Introduction: Rapid firing originating within pulmonary veins (PVs) initiates atrial fibrillation (AF). The following studies were performed to evaluate spontaneous PV firing in patients with AF to distinguish focal versus reentrant mechanisms.
Methods: Intracardiac recordings were obtained in 18 patients demonstrating paroxysmal AF. Microelectrode (ME) recordings were obtained from superfused canine PV sleeves (N = 48).

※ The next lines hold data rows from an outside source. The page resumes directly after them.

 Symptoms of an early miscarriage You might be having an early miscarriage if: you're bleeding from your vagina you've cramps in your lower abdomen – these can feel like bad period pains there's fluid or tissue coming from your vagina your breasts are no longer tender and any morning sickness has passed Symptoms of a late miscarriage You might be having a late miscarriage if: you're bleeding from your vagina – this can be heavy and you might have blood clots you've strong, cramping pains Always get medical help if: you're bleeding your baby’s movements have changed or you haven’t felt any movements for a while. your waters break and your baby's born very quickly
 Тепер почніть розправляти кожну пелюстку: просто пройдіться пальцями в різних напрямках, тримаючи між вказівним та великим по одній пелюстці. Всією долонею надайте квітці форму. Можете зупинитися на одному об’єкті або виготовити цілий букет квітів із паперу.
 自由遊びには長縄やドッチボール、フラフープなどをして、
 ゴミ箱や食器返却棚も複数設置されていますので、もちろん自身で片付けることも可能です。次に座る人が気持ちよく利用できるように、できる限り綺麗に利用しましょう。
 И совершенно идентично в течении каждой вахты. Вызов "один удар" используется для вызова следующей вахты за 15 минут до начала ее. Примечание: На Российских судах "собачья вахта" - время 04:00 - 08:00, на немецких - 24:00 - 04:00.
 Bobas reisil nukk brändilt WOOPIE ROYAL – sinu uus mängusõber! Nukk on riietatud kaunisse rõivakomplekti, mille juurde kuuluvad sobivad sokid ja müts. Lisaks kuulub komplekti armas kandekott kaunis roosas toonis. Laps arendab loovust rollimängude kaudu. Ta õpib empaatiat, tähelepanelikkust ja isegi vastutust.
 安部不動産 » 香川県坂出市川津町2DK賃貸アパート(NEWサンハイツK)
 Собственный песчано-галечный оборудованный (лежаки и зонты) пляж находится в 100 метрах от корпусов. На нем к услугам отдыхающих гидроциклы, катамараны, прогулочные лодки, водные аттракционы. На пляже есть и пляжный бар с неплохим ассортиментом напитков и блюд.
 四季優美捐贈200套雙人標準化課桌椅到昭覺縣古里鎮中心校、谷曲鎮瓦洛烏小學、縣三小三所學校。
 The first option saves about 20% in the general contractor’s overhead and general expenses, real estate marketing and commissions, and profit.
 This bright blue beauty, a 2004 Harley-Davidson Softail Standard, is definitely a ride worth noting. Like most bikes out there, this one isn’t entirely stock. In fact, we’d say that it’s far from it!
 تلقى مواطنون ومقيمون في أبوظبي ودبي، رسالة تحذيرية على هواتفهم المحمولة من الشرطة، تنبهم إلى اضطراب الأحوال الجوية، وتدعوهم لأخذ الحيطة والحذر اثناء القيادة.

Results: Spontaneous PV firing (566 ± 16 bpm; 127 ± 6 ms cycle length) giving rise to AF (52 episodes) was observed. Tachycardia-pause initiation was present in 132 of 200 episodes of rapid PV firing and 34 of 52 AF episodes. The pause cycle length preceding PV firing was 1,039 ± 86 ms following tachycardia (420 ± 40 ms cycle length). The remaining episodes were initiated following a 702 ± 32 ms pause during sinus rhythm (588 ± 63 ms). Spontaneous firing recorded with a multipolar mapping catheter did not detect electrical activity bridging the diastolic interval between the initial ectopic and preceding post-pause sinus beat. Tachycardia-pause initiated PV firing (138 ± 7 ms coupling interval) in patients correlated with tachycardia-pause enhanced isometric force, early afterdepolarization (EAD) amplitude, and triggered firing within canine PVs. Rapid firing (1,172 ± 134 bpm; 51 ± 8 ms cycle length) following an abbreviated coupling interval (69 ± 12 ms) was initiated in 13 of 18 canine PVs following tachycardia-pause pacing during norepinephrine + acetylcholine superfusion. Stimulation selectively activating local autonomic nerve terminals facilitated tachycardia-pause triggered firing in canine PVs (5 of 15 vs 0 of 15; P < 0.05).
Conclusions: The studies demonstrate (1) tachycardia-pause initiation of rapid, short-coupled PV firing in AF patients and (2) tachycardia-pause facilitation of isometric force, EAD formation, and autonomic-dependent triggered firing within canine PVs, suggestive of a common arrhythmia mechanism.